# Scikit learn basics

Scikit-learn is a powerful, open-source machine learning library for Python. It's built on NumPy, SciPy, and Matplotlib, and it offers simple and efficient tools for predictive data analysis. It's accessible to everybody and reusable in various contexts. Scikit-learn is known for its ease of use and its ability to handle complex data operations with just a few lines of code.

Here are some of the basics of scikit-learn that cover its core functionalities:

## Installation
If you don't have scikit-learn installed, you can install it using pip:

In [1]:
# !pip install -U scikit-learn

## Importing Scikit-learn
To use scikit-learn, you first need to import it, along with other libraries it depends on, like NumPy and Pandas.

In [2]:
import numpy as np
import pandas as pd
from sklearn import datasets, metrics

## Working with Datasets
Scikit-learn comes with a few standard datasets, like the iris and digits datasets for classification and the Boston house prices dataset for regression.

In [3]:
# Load dataset
iris = datasets.load_iris()
X, y = iris.data, iris.target

## Data Preprocessing
Data preprocessing is crucial in machine learning. Scikit-learn offers tools for normalization, binarization, encoding categorical variables, imputing missing values, and more.

In [4]:
from sklearn import preprocessing

# Standardization
X_scaled = preprocessing.scale(X)

## Splitting Data
You usually split your data into a training set and a test set. The training set is used to build and train the model, while the test set is used to evaluate its performance.

In [5]:
from sklearn.model_selection import train_test_split

X_train, X_test, y_train, y_test = train_test_split(X, y, test_size=0.3)

## Model Selection
Scikit-learn implements a wide range of machine learning algorithms. You can choose one based on your problem.

For example, using a Random Forest Classifier:

In [6]:
from sklearn.ensemble import RandomForestClassifier

# Create a Gaussian Classifier
clf = RandomForestClassifier(n_estimators=100)

# Train the model using the training sets
clf.fit(X_train, y_train)

# Predict the response for the test dataset
y_pred = clf.predict(X_test)

## Model Evaluation
Scikit-learn provides several methods to evaluate the performance of a model, depending on the type of machine learning algorithm used.

In [7]:
# Import scikit-learn metrics module for accuracy calculation
from sklearn import metrics

# Model Accuracy, how often is the classifier correct?
print("Accuracy:", metrics.accuracy_score(y_test, y_pred))

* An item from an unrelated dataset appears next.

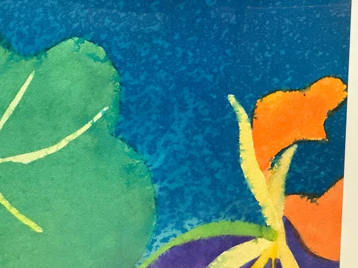 Whether portraying the distinctive petals and pistils of squash blossoms or capturing the essence of simpler floral motifs, the impact of color reigns supreme. In this piece, the subject matter seems to fade into the background, overshadowed by the sheer force and intensity of the artist's chromatic exploration.

Accuracy: 0.9555555555555556


## Model Persistence
You can save a model in scikit-learn by using Python’s built-in persistence model, `pickle`.

In [8]:
import pickle

# Save to file in the current working directory
pkl_filename = "pickle_model.pkl"
with open(pkl_filename, 'wb') as file:
    pickle.dump(clf, file)

To load the model back:

In [9]:
with open(pkl_filename, 'rb') as file:
    pickle_model = pickle.load(file)

These are the basics to get you started with scikit-learn. The library offers a lot more functionality and is incredibly powerful in the hands of someone who knows how to use it. Its ease of use and variety of tools make it the go-to library for many data scientists and machine learning practitioners.